---------- Source data

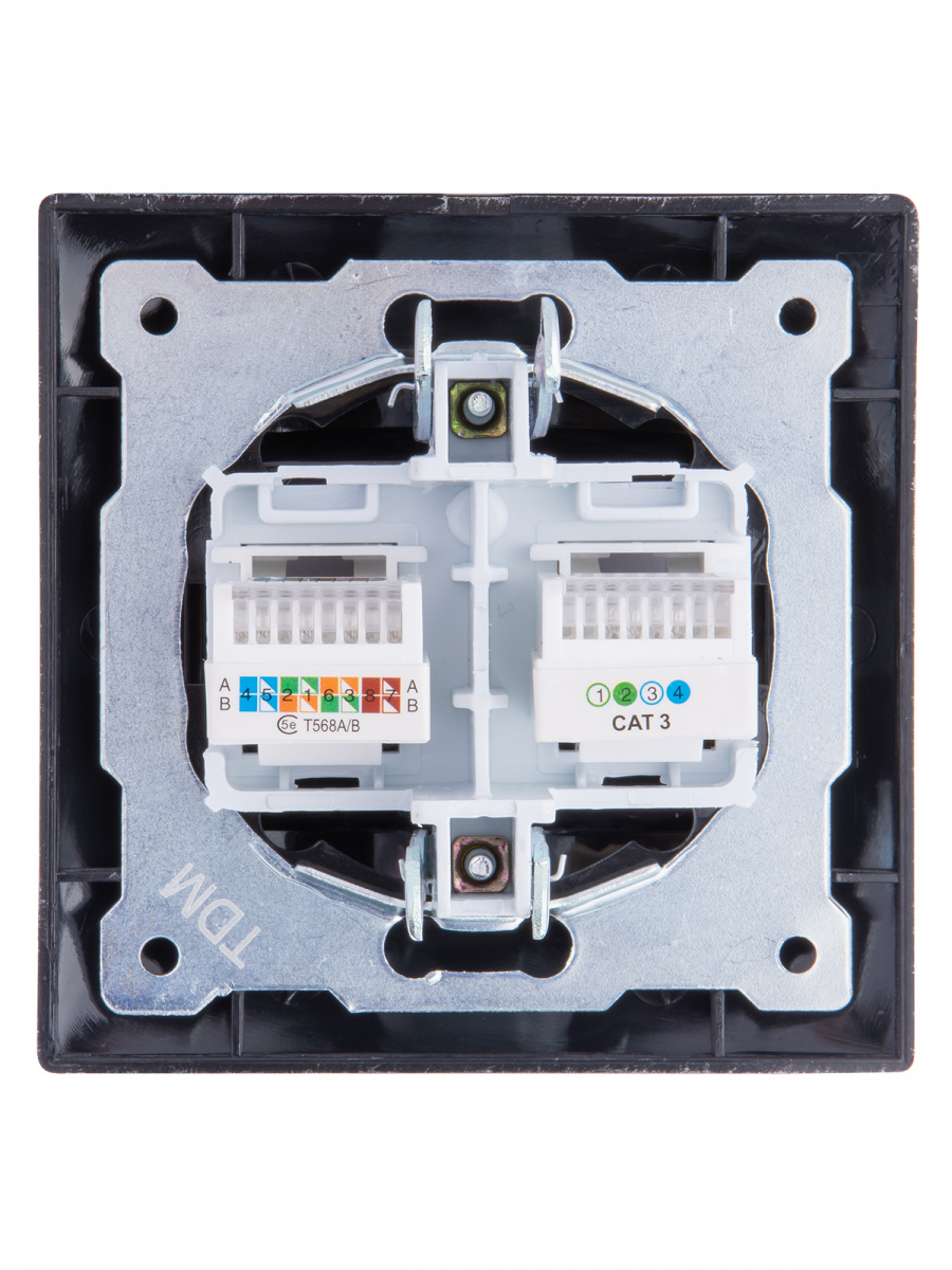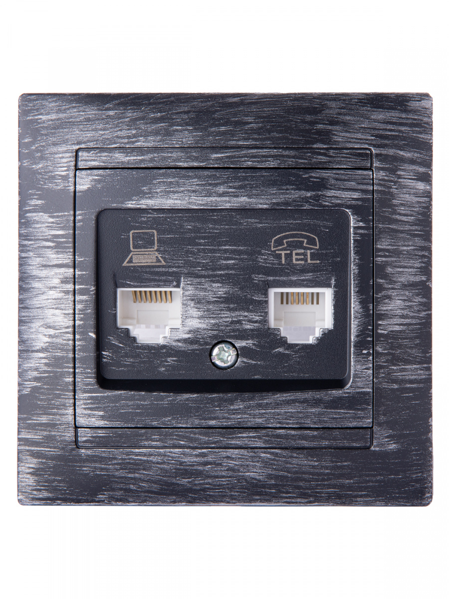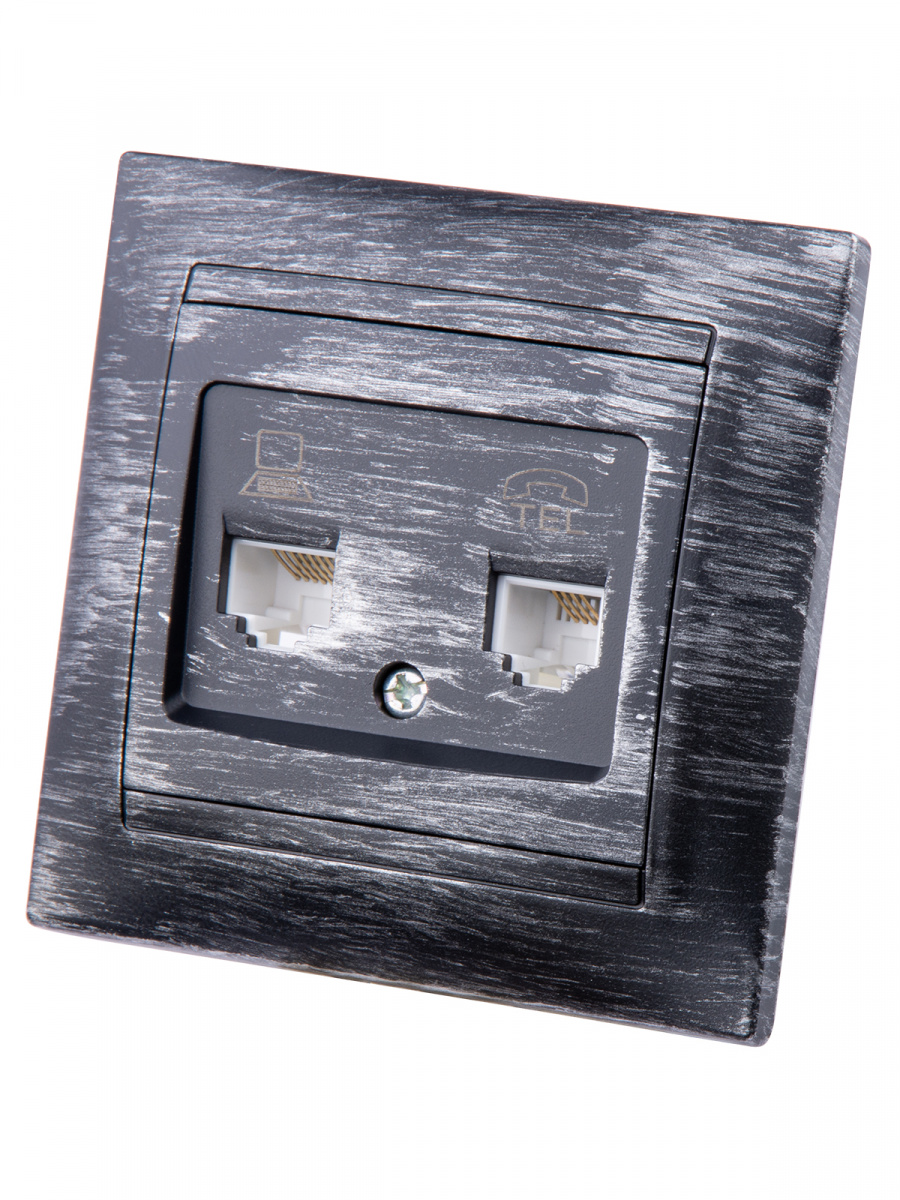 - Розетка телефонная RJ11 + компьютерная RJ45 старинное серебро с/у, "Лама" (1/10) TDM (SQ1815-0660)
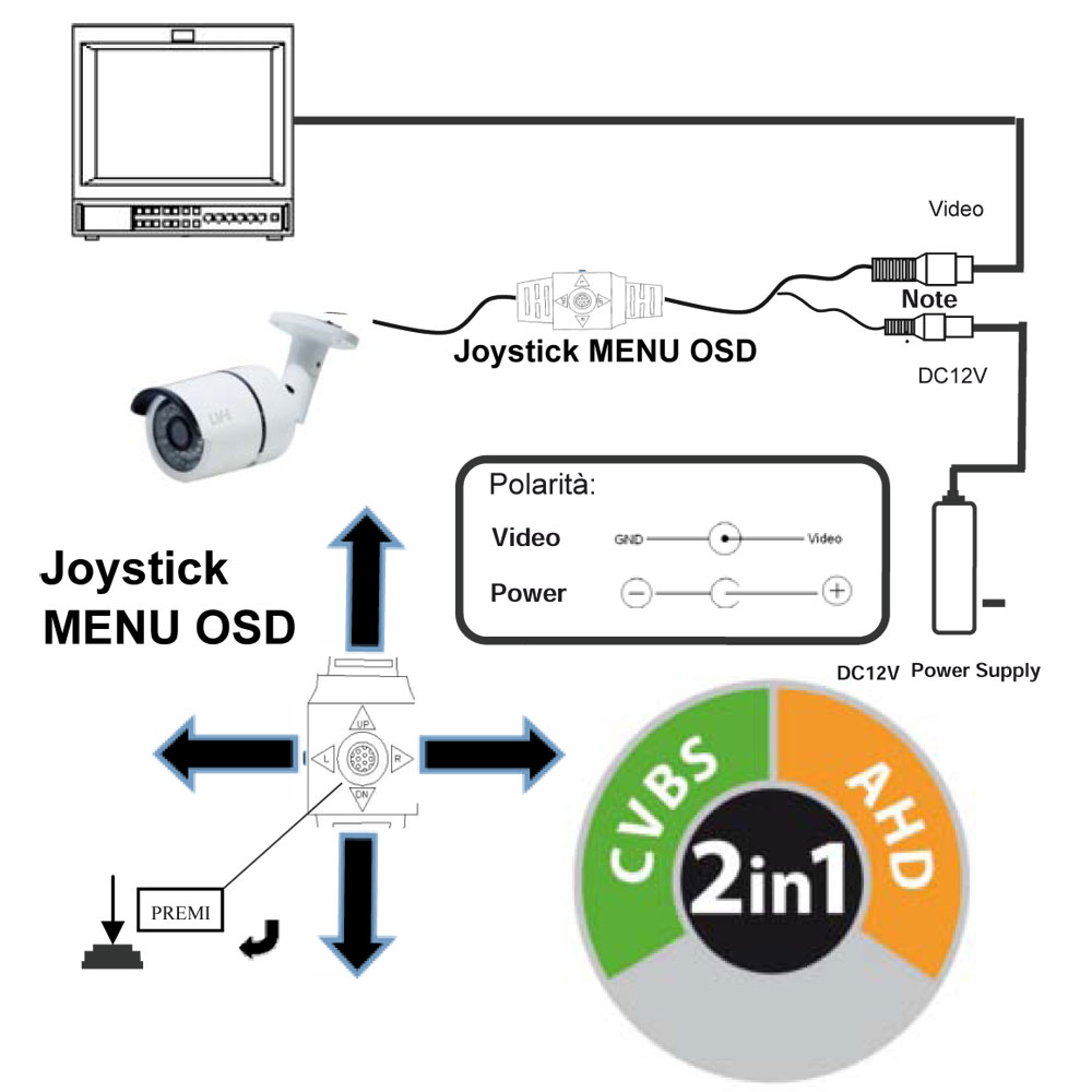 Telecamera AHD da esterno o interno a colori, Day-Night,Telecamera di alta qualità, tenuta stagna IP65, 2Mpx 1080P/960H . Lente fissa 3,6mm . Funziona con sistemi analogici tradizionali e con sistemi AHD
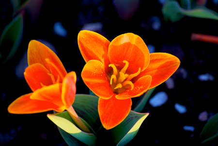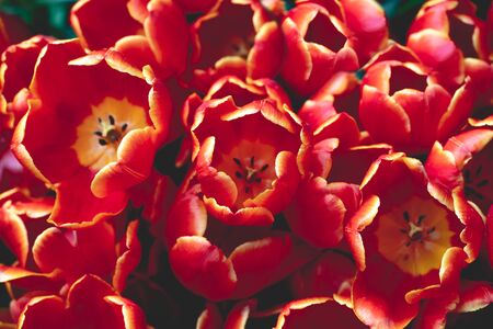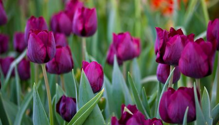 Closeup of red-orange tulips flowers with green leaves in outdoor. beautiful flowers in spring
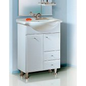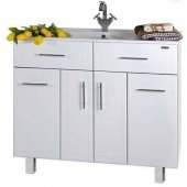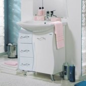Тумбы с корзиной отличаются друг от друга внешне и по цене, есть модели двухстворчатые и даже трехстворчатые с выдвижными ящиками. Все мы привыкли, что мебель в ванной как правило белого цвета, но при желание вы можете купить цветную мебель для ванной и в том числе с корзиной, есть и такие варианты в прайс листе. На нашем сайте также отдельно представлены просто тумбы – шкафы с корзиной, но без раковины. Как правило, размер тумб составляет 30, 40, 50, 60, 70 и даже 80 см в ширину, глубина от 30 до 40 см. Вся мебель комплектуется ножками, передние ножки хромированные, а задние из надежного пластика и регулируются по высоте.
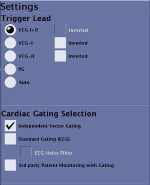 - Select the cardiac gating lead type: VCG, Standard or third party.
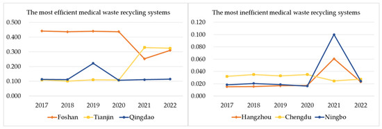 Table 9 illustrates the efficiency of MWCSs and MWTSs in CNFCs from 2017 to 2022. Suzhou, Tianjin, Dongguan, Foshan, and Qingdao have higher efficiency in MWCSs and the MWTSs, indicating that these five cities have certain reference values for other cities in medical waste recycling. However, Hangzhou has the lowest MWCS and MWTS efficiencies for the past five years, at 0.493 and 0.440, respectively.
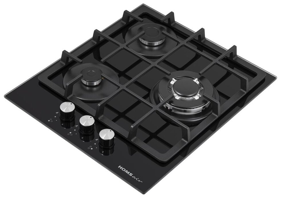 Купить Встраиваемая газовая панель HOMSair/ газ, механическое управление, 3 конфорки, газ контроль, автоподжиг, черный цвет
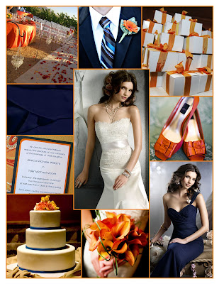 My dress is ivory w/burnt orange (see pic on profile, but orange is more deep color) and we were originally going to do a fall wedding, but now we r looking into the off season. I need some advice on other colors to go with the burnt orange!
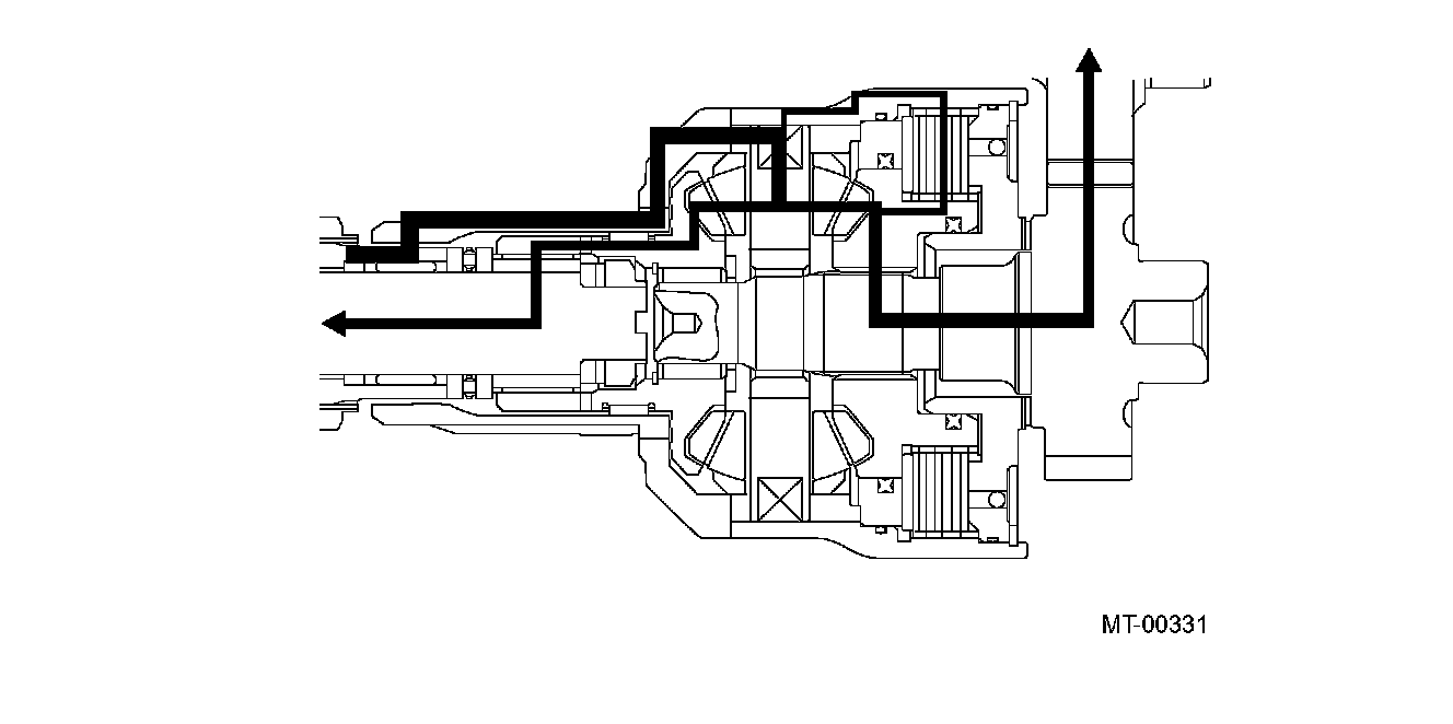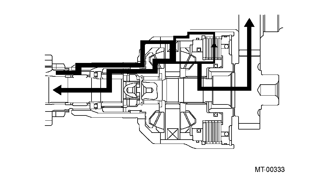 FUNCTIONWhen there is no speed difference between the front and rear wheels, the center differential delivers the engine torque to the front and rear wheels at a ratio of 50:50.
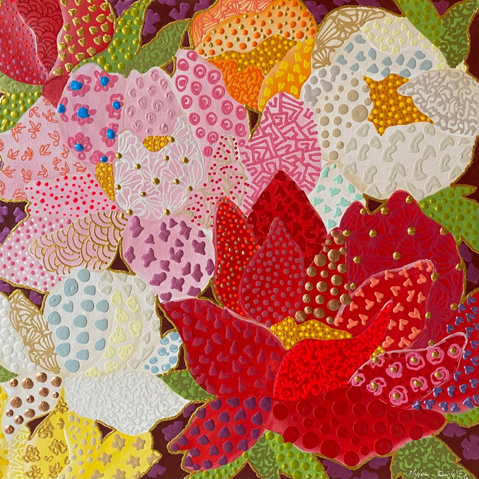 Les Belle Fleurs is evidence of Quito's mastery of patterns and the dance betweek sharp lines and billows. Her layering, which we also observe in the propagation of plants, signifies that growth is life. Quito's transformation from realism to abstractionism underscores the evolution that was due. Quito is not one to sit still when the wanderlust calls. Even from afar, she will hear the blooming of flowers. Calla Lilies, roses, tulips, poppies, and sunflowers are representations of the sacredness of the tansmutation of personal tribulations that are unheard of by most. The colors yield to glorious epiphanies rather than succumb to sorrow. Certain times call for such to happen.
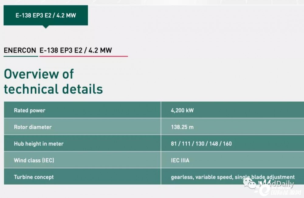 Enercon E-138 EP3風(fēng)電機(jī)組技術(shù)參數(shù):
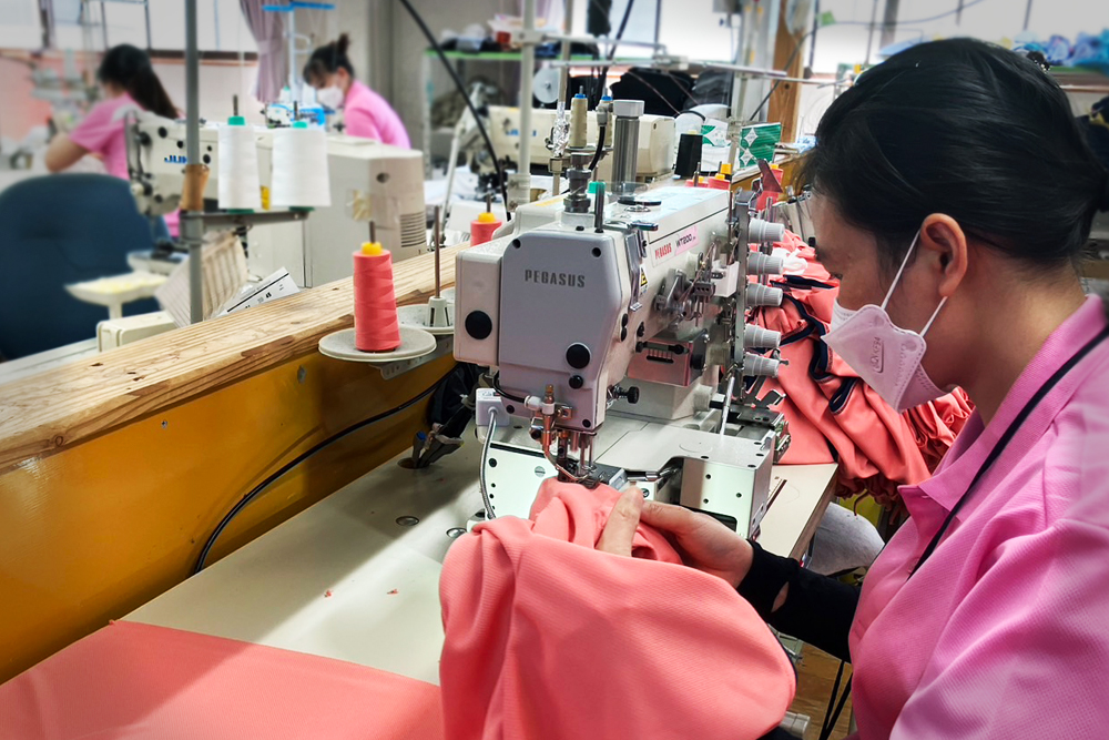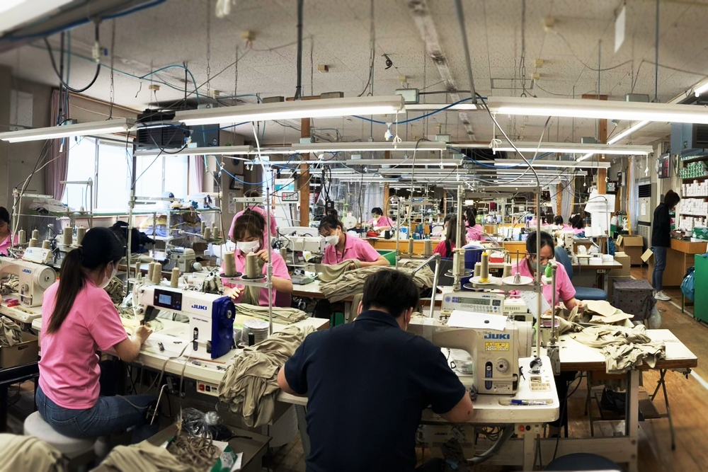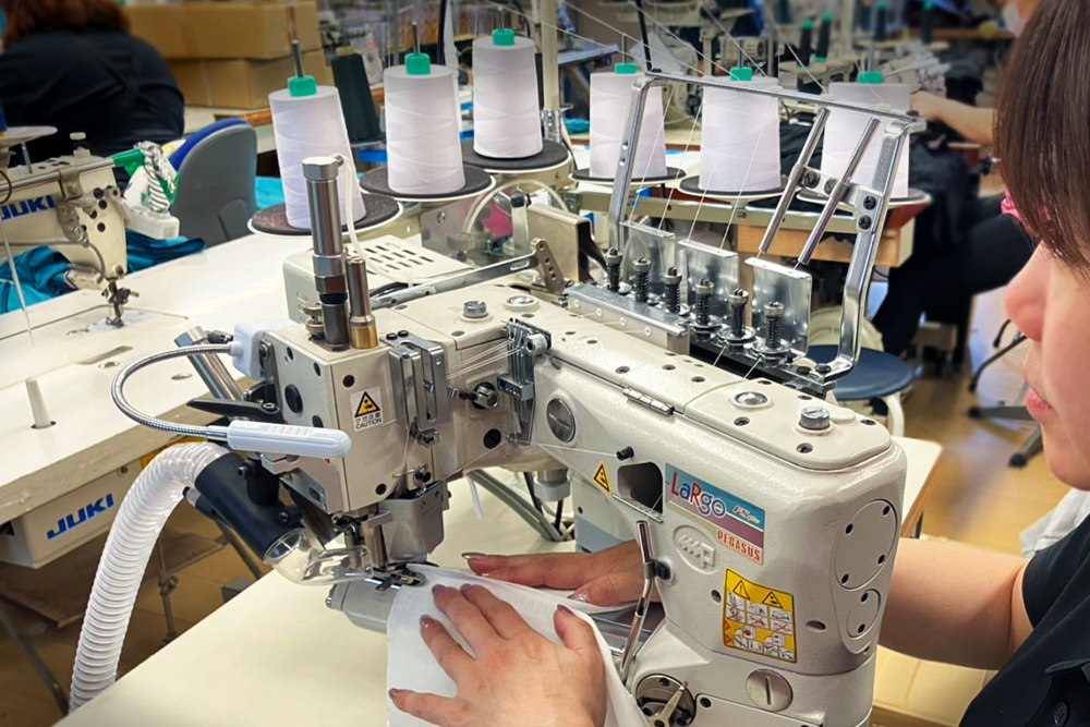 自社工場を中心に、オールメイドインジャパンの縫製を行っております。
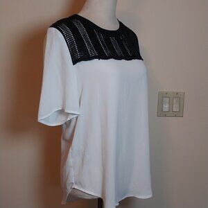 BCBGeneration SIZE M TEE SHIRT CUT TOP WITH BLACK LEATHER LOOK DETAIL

--------------------

What is needed is an exact repeat of the records, with every picture left out.

 - Розетка телефонная RJ11 + компьютерная RJ45 старинное серебро с/у, "Лама" (1/10) TDM (SQ1815-0660)
 Telecamera AHD da esterno o interno a colori, Day-Night,Telecamera di alta qualità, tenuta stagna IP65, 2Mpx 1080P/960H . Lente fissa 3,6mm . Funziona con sistemi analogici tradizionali e con sistemi AHD
 Closeup of red-orange tulips flowers with green leaves in outdoor. beautiful flowers in spring
Тумбы с корзиной отличаются друг от друга внешне и по цене, есть модели двухстворчатые и даже трехстворчатые с выдвижными ящиками. Все мы привыкли, что мебель в ванной как правило белого цвета, но при желание вы можете купить цветную мебель для ванной и в том числе с корзиной, есть и такие варианты в прайс листе. На нашем сайте также отдельно представлены просто тумбы – шкафы с корзиной, но без раковины. Как правило, размер тумб составляет 30, 40, 50, 60, 70 и даже 80 см в ширину, глубина от 30 до 40 см. Вся мебель комплектуется ножками, передние ножки хромированные, а задние из надежного пластика и регулируются по высоте.
 - Select the cardiac gating lead type: VCG, Standard or third party.
 Table 9 illustrates the efficiency of MWCSs and MWTSs in CNFCs from 2017 to 2022. Suzhou, Tianjin, Dongguan, Foshan, and Qingdao have higher efficiency in MWCSs and the MWTSs, indicating that these five cities have certain reference values for other cities in medical waste recycling. However, Hangzhou has the lowest MWCS and MWTS efficiencies for the past five years, at 0.493 and 0.440, respectively.
 Купить Встраиваемая газовая панель HOMSair/ газ, механическое управление, 3 конфорки, газ контроль, автоподжиг, черный цвет
 My dress is ivory w/burnt orange (see pic on profile, but orange is more deep color) and we were originally going to do a fall wedding, but now we r looking into the off season. I need some advice on other colors to go with the burnt orange!
 FUNCTIONWhen there is no speed difference between the front and rear wheels, the center differential delivers the engine torque to the front and rear wheels at a ratio of 50:50.
 Les Belle Fleurs is evidence of Quito's mastery of patterns and the dance betweek sharp lines and billows. Her layering, which we also observe in the propagation of plants, signifies that growth is life. Quito's transformation from realism to abstractionism underscores the evolution that was due. Quito is not one to sit still when the wanderlust calls. Even from afar, she will hear the blooming of flowers. Calla Lilies, roses, tulips, poppies, and sunflowers are representations of the sacredness of the tansmutation of personal tribulations that are unheard of by most. The colors yield to glorious epiphanies rather than succumb to sorrow. Certain times call for such to happen.
 Enercon E-138 EP3風(fēng)電機(jī)組技術(shù)參數(shù):
 自社工場を中心に、オールメイドインジャパンの縫製を行っております。
 BCBGeneration SIZE M TEE SHIRT CUT TOP WITH BLACK LEATHER LOOK DETAIL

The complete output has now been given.